Les marchés financiers sont en ébullition après que le ministre japonais des Finances ait exprimé des doutes sur la pérennité de la politique économique dite « Abenomics ». Cette volte-face a entraîné une forte aversion au risque, affectant notamment le yen et les places boursières asiatiques.
Lors d’une conférence de presse, Katsunobu Kato a souligné la nécessité d’une nouvelle stratégie économique pour le Japon, plus adaptée à la conjoncture actuelle marquée par l’inflation, contrairement à la déflation qui a caractérisé l’ère Abenomics. Ses propos laissent entrevoir un possible abandon de l’approche de relance massive initiée par l’ancien Premier ministre Shinzo Abe.
Cette position contraste avec celle de Sanae Takaichi, la nouvelle dirigeante du Parti libéral-démocrate (PLD) et fervente défenseure de la politique d’Abe.
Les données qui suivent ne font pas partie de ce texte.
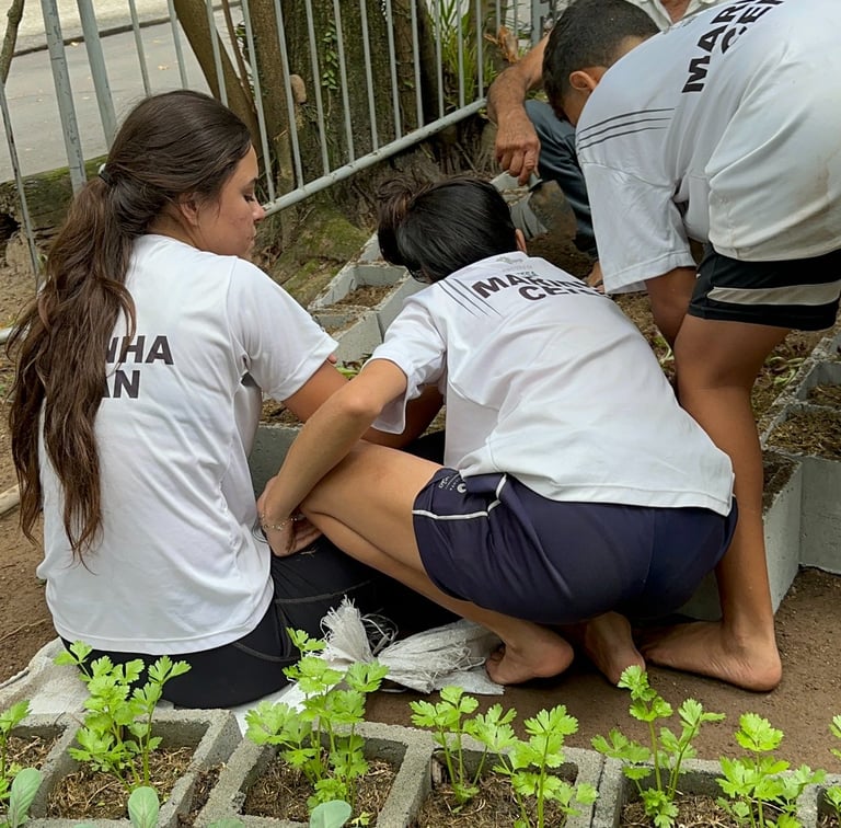 O contato direto com a terra e o manejo das plantas aproxima as crianças da natureza e reforça valores de consciência ambiental e hábitos mais sustentáveis.

Sa nomination avait initialement dopé les actions japonaises et affaibli le yen, les marchés anticipant la poursuite des mesures de relance et une faible probabilité de hausse des taux d’intérêt par la Banque du Japon (BoJ). Les déclarations de Kato soulèvent donc des interrogations quant à la cohérence des politiques budgétaire et monétaire sous la direction de Takaichi, alors qu’elle peine à former un gouvernement.
L’Abenomics, lancée en 2013, visait à relancer l’économie japonaise après des années de stagnation. Elle reposait sur trois piliers principaux : un assouplissement monétaire agressif pour lutter contre la déflation, des dépenses publiques flexibles pour stimuler la croissance et des réformes structurelles pour améliorer la productivité. Si cette stratégie a contribué à faire remonter les prix des actifs et à briser le cycle déflationniste, elle a également laissé le Japon avec une dette publique considérable, l’une des plus élevées parmi les démocraties occidentales, et des progrès limités en matière de réformes.
L’impact de ces incertitudes s’est immédiatement fait sentir sur les marchés des changes. Le dollar australien (AUD/USD) a particulièrement souffert, glissant à la suite des baisses observées sur les marchés boursiers asiatiques, européens et nord-américains. La paire AUD/USD a testé un support à 0,6465, et une cassure de ce niveau pourrait entraîner une baisse vers 0,6419, puis 0,6374. À l’inverse, un rebond pourrait être envisagé autour de 0,6521, niveau coïncidant avec le plus bas du 26 septembre.
Par ailleurs, l’indice US Tech 100 a également connu une forte inversion de tendance après avoir été rejeté à la résistance de 24 750. Bien que la tendance haussière actuelle ne soit pas encore menacée, ce repli suggère un possible retour vers le plus bas de vendredi à 24 000, où se situe l’intersection de la moyenne mobile sur 50 jours et d’un support horizontal. Les indicateurs techniques, tels que le RSI (14) et le MACD, signalent une diminution de la force haussière, incitant à la prudence.